Many clients “surrender” their house as part of their Chapter 7 bankruptcy and assume that said act will allow them to put their homeowner’s “experience” totally in their rear view mirror. Unfortunately, in the context of dealing with secured debt (such as mortgages or car loans) in bankruptcy, the term “surrender”does not mean what many people think it does. The act of “surrendering” someone’s collateral in bankruptcy only means that you no longer intend to make the mortgage or car loan payments associated with the collateral. Although receiving your bankruptcy discharge does eliminate your personal obligation to repay the note and mortgage, you still own the collateral (the house or car) until something happens which divests you of such ownership interest, such as a foreclosure sale, short sale or deed in lieu of foreclosure.
The perception that a Chapter 7 Trustee will take control of all property surrendered by a debtor is simply not true in most instances. The Trustee’s goal is to liquidate assets (ie., sell property) in order to generate funds for a distribution to the creditors. However, if the property in question has no non-exempt equity, the Trustee will abandon the estate’s interest in the property and no liquidation will occur. Further, discharging your personal obligation to repay the mortgage does not somehow make the bank the new owner of the property. The bank will only become the owner of the property (1) if their foreclosure process is completed and the bank is the successful bidder at the auction sale, or (2) if they accept from you a deed in lieu of foreclosure.
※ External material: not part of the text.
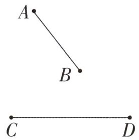 我发现:利用圆规比较线段 AB 和线段 CD 的长短,点 C 和点 A 重合。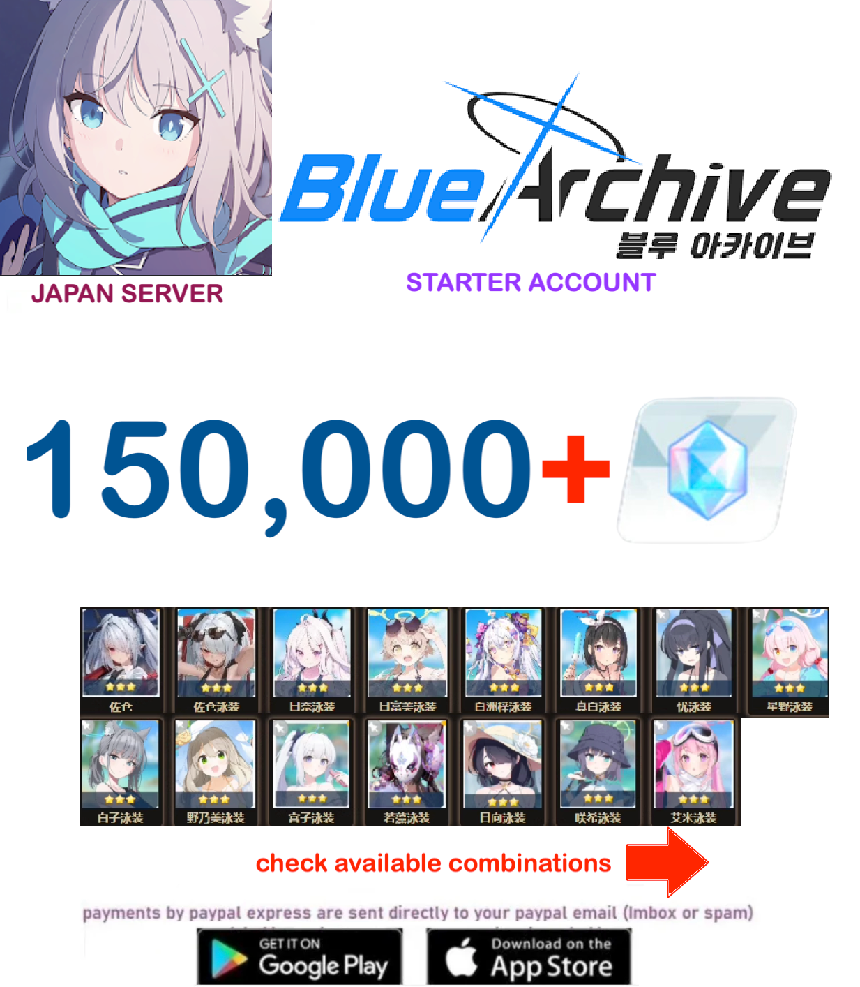 ⭐JAPAN SERVER⭐150,000 Gems⭐ Blue Archive Starter Reroll Account

There are “pros” and “cons” to remaining the owner of your “surrendered” house after bankruptcy. The “up side” is that, if you choose to do so, you should be able to live there for quite a while without making any mortgage or rent payments, which should help in your efforts to get back on your feet financially (although we do recommend that you continue to keep liability insurance on the property). The “down sides” are numerous, especially if you have vacated the property and moved on with your life:
You cannot force a bank to accept from you a deed in lieu of foreclosure, and in many instances they will simply refuse to do so, especially if there is a second mortgage or other liens on the property. Further, a recent First Circuit Court of Appeals case made it clear that as long as the bank is not trying to squeeze payments out of you, a lender’s failure to commence and prosecute a foreclosure proceeding does not violate the Discharge Injunction. In short, you cannot force the lender to foreclose, so you might be “stuck” for a while with the burdens of property ownership. Bankruptcy can be a very effective tool for discharging debt, including mortgage obligations, but it is less effective when it comes to undoing all of the incidents of property ownership. Like most things, you take the good with the bad.